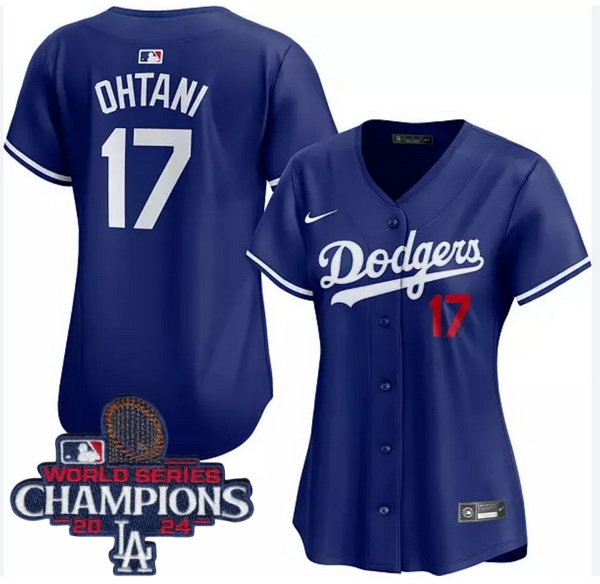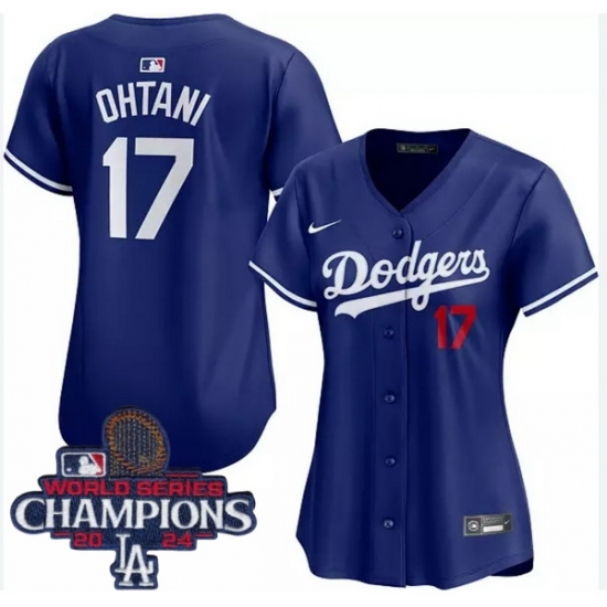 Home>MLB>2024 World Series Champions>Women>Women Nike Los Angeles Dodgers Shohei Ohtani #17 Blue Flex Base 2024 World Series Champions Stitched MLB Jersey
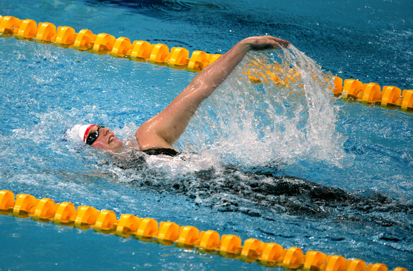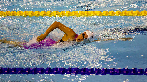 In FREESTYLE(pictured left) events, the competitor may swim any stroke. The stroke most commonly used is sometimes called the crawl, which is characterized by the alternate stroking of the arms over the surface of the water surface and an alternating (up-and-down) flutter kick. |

────────────────

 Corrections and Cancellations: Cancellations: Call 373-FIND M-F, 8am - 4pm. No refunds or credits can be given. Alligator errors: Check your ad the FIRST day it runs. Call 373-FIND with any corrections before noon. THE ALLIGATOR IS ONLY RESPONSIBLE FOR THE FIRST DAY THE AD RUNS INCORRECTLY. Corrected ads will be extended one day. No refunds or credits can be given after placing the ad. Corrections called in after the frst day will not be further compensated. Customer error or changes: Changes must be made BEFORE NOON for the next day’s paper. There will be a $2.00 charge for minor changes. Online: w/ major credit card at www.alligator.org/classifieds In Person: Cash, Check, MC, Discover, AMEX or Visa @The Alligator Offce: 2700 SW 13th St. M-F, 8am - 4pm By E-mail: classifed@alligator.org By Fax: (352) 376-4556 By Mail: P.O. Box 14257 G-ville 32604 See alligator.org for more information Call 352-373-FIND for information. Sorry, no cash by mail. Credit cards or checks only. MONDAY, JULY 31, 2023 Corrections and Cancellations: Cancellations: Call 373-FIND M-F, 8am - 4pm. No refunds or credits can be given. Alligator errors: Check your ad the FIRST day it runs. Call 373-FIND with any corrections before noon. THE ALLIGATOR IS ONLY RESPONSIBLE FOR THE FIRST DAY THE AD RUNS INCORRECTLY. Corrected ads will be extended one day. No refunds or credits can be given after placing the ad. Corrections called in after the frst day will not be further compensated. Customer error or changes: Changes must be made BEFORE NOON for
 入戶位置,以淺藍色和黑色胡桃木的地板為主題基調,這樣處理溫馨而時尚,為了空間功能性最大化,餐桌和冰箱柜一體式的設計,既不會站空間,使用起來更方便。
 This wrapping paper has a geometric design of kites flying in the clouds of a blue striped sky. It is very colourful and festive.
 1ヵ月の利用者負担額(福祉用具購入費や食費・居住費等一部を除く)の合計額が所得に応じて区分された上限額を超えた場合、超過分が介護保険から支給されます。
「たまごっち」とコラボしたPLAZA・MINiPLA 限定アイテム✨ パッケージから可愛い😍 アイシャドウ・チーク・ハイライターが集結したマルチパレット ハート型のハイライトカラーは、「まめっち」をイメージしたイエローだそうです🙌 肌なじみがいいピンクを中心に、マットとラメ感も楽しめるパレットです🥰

────────────────

■ ACTIVITY:
Nothing but the lines above, starting at the line that contains "Home>MLB>2024 World Series" and ending at the line that contains "In FREESTYLE(pictured left)", should be given again, exactly and without the pictures.

■ THE ANSWER:
 Home>MLB>2024 World Series Champions>Women>Women Nike Los Angeles Dodgers Shohei Ohtani #17 Blue Flex Base 2024 World Series Champions Stitched MLB Jersey
 In FREESTYLE(pictured left) events, the competitor may swim any stroke. The stroke most commonly used is sometimes called the crawl, which is characterized by the alternate stroking of the arms over the surface of the water surface and an alternating (up-and-down) flutter kick. |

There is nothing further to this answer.